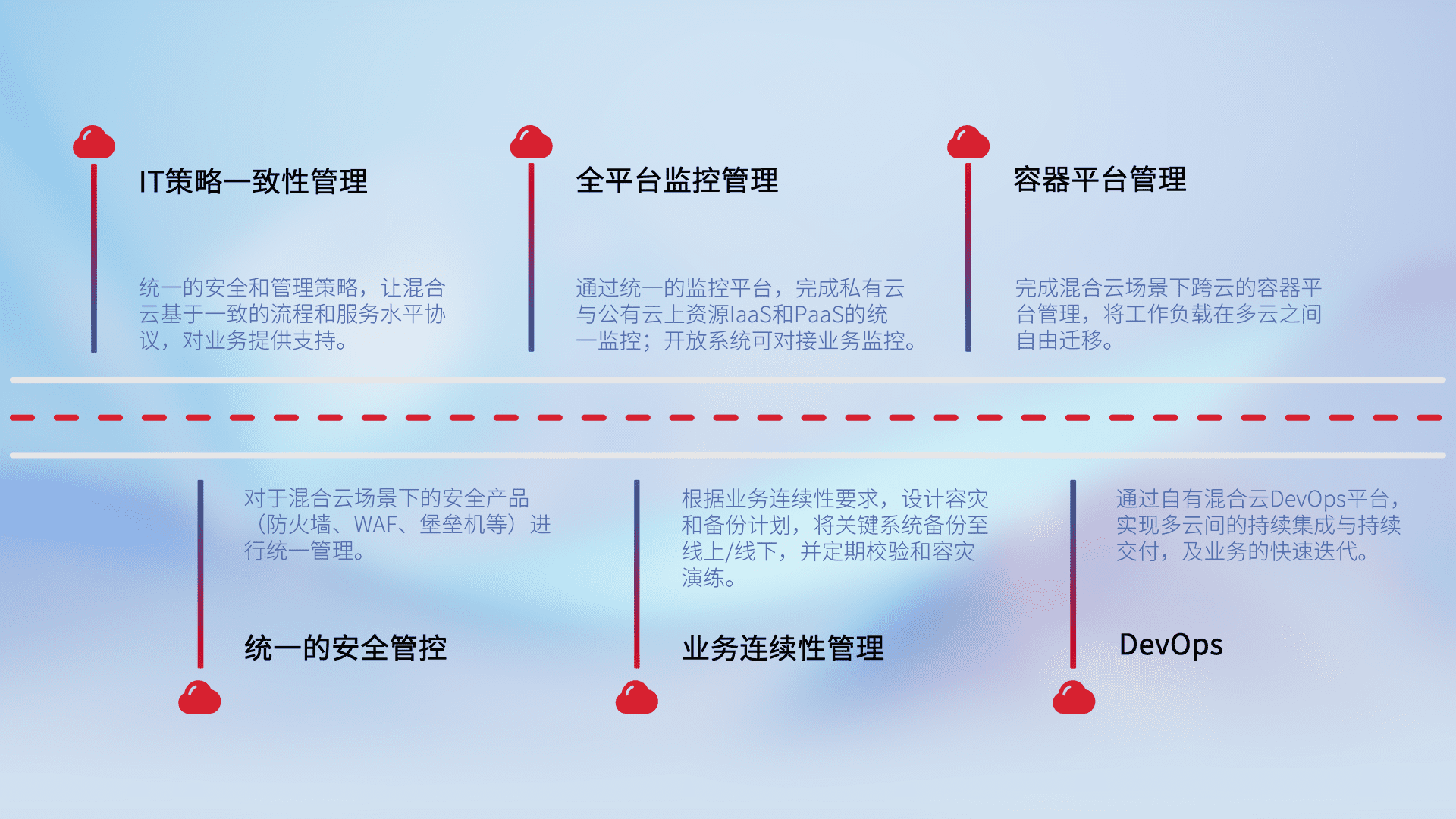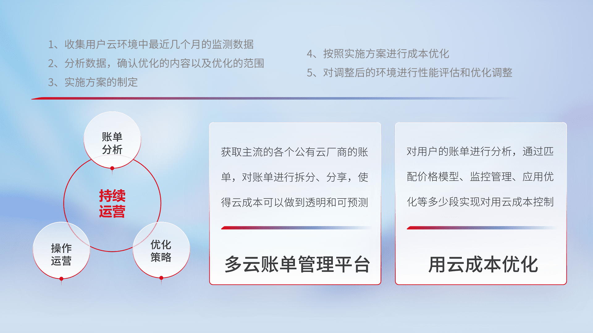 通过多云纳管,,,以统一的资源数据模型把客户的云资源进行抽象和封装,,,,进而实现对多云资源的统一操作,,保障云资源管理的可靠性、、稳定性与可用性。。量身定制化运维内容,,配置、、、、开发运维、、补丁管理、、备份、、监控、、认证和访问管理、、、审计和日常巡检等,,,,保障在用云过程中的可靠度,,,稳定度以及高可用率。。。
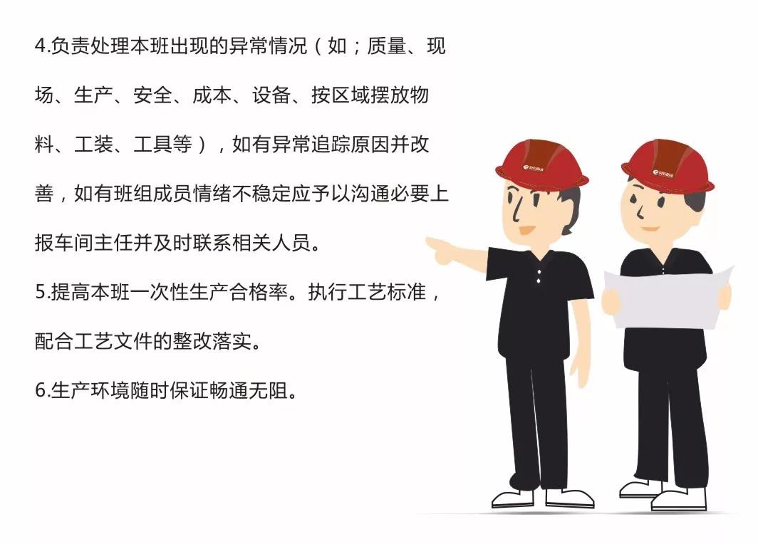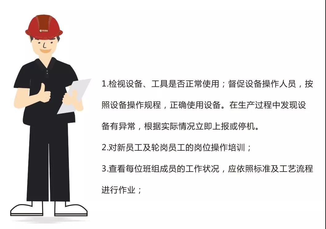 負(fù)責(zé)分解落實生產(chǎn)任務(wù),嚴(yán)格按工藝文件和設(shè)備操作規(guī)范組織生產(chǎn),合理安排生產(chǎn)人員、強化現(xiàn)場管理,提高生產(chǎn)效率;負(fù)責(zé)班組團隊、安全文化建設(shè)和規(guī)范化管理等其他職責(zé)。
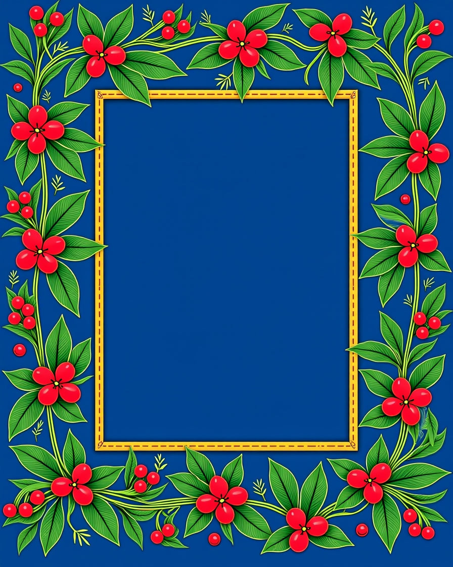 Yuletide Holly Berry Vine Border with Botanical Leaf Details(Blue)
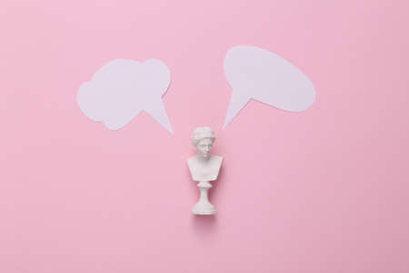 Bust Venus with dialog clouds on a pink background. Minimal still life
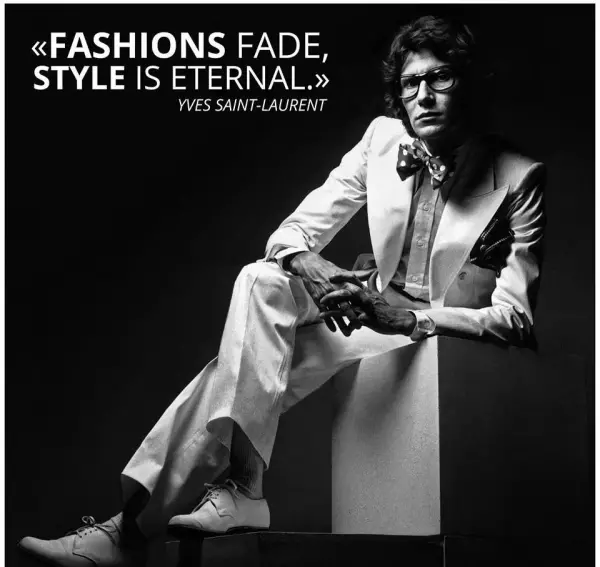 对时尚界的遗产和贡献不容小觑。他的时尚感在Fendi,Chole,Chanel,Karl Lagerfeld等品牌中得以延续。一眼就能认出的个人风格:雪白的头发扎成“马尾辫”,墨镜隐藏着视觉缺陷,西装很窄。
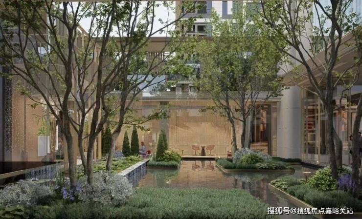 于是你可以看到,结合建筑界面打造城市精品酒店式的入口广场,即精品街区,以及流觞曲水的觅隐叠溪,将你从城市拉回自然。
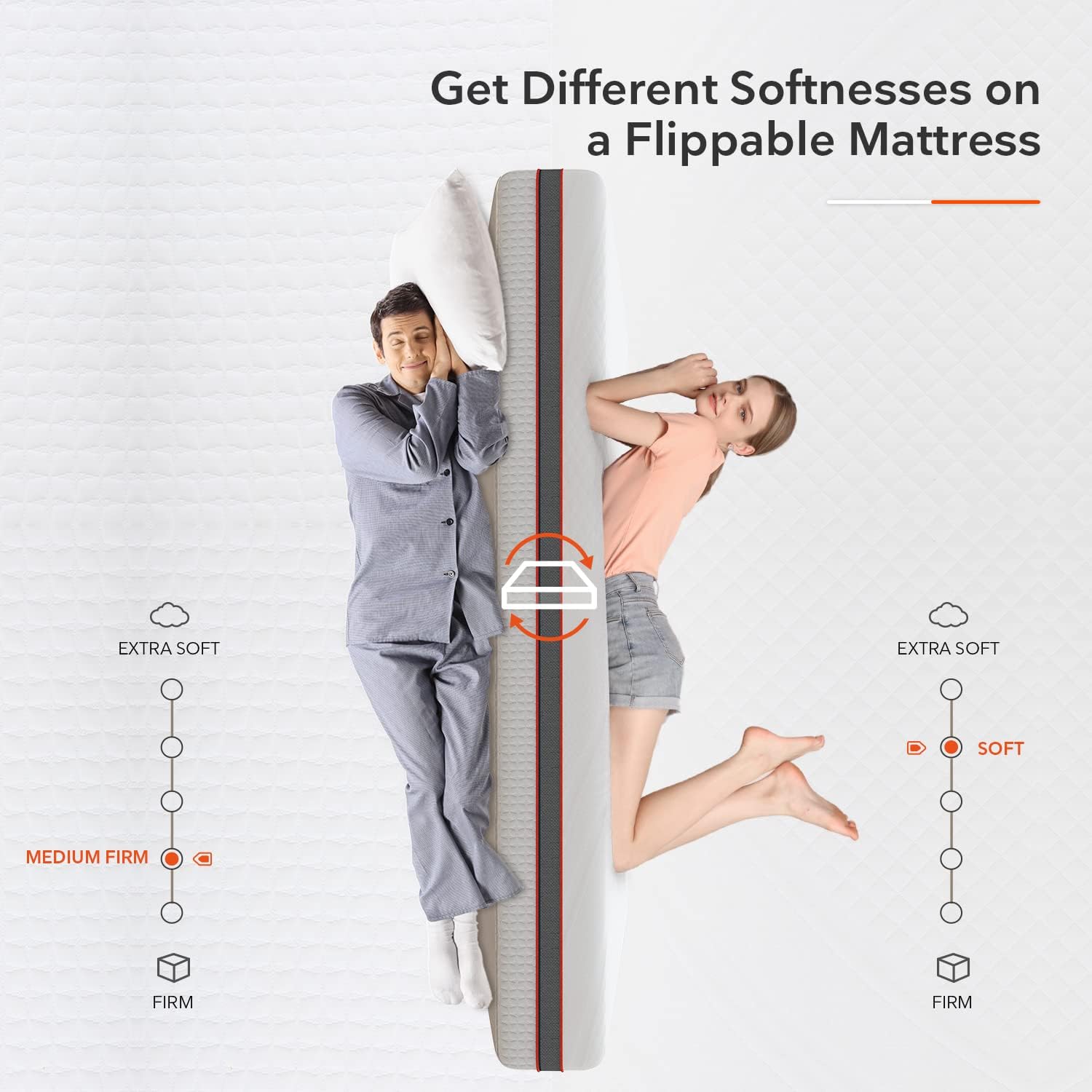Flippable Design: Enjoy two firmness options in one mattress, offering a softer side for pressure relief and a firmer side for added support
□ □ □
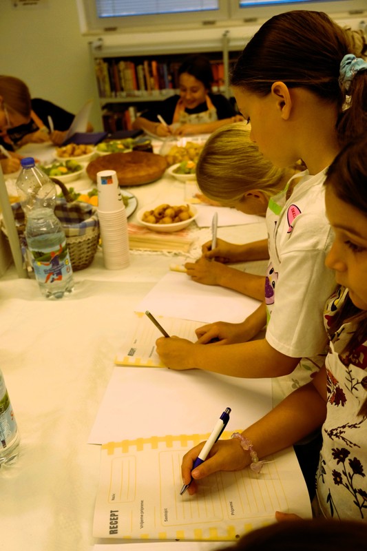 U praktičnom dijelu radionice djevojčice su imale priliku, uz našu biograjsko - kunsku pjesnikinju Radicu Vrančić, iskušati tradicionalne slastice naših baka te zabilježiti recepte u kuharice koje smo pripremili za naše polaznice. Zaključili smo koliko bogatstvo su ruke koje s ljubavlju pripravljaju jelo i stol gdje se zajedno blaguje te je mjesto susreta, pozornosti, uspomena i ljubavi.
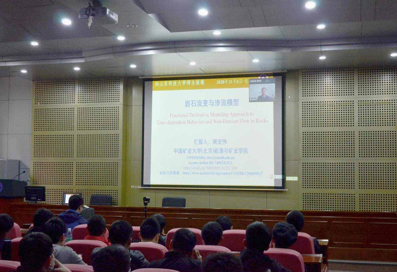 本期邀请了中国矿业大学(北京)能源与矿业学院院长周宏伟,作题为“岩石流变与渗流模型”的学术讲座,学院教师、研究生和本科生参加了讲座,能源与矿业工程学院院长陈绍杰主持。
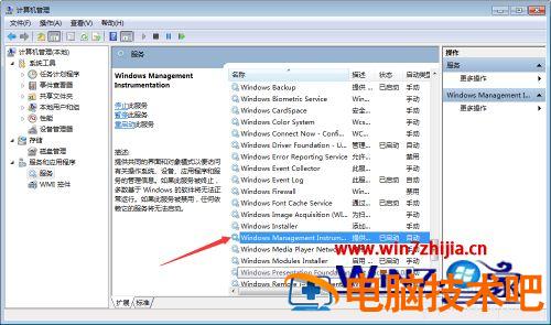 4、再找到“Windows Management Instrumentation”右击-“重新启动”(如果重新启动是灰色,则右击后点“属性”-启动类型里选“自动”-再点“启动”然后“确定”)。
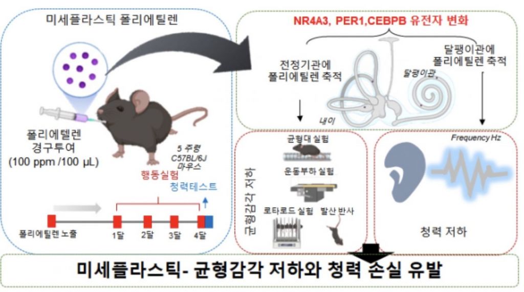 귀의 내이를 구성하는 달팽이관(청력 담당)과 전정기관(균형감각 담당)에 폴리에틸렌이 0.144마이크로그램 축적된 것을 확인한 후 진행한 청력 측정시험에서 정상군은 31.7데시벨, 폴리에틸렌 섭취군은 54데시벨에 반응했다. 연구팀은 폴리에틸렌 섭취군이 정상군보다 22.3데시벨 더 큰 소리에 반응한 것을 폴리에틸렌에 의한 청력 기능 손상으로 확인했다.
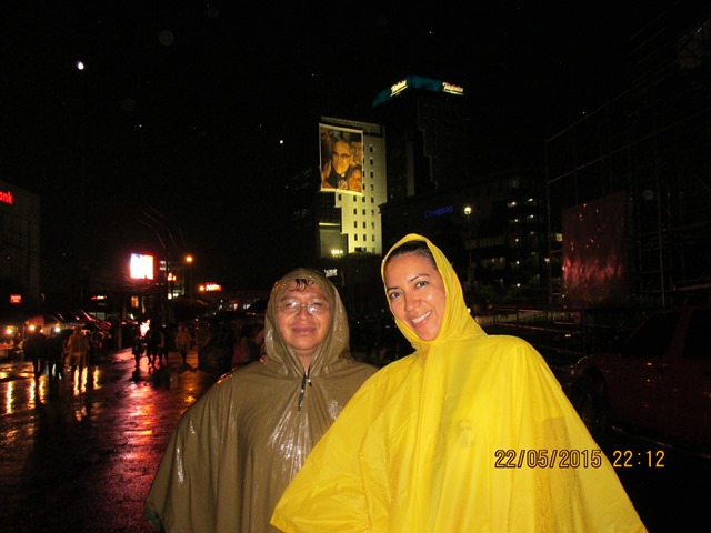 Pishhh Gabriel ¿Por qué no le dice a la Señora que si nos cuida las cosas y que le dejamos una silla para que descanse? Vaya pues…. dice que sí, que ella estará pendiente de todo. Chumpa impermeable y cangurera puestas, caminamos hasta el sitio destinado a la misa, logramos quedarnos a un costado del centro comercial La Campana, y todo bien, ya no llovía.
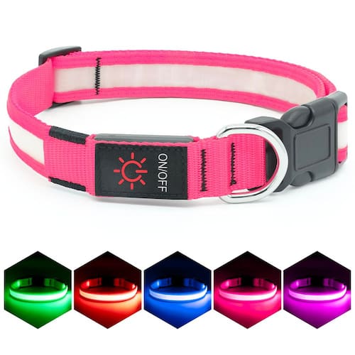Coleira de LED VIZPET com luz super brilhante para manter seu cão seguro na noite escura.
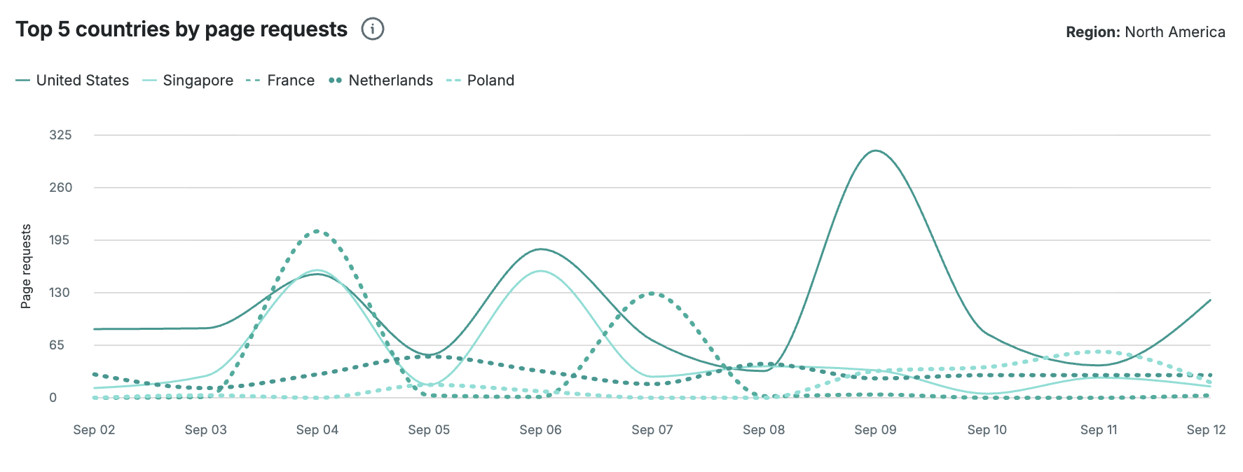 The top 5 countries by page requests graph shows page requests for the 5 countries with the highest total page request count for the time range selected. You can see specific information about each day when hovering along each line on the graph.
□ □ □
● **To do**
Please repeat the lines of the material above exactly, starting with the line that contains "U praktičnom dijelu" and ending with the line that contains "귀의 내이를 구성하는". Leave the pictures out.

● **Your response**
 U praktičnom dijelu radionice djevojčice su imale priliku, uz našu biograjsko - kunsku pjesnikinju Radicu Vrančić, iskušati tradicionalne slastice naših baka te zabilježiti recepte u kuharice koje smo pripremili za naše polaznice. Zaključili smo koliko bogatstvo su ruke koje s ljubavlju pripravljaju jelo i stol gdje se zajedno blaguje te je mjesto susreta, pozornosti, uspomena i ljubavi.
 本期邀请了中国矿业大学(北京)能源与矿业学院院长周宏伟,作题为“岩石流变与渗流模型”的学术讲座,学院教师、研究生和本科生参加了讲座,能源与矿业工程学院院长陈绍杰主持。
 4、再找到“Windows Management Instrumentation”右击-“重新启动”(如果重新启动是灰色,则右击后点“属性”-启动类型里选“自动”-再点“启动”然后“确定”)。
 귀의 내이를 구성하는 달팽이관(청력 담당)과 전정기관(균형감각 담당)에 폴리에틸렌이 0.144마이크로그램 축적된 것을 확인한 후 진행한 청력 측정시험에서 정상군은 31.7데시벨, 폴리에틸렌 섭취군은 54데시벨에 반응했다. 연구팀은 폴리에틸렌 섭취군이 정상군보다 22.3데시벨 더 큰 소리에 반응한 것을 폴리에틸렌에 의한 청력 기능 손상으로 확인했다.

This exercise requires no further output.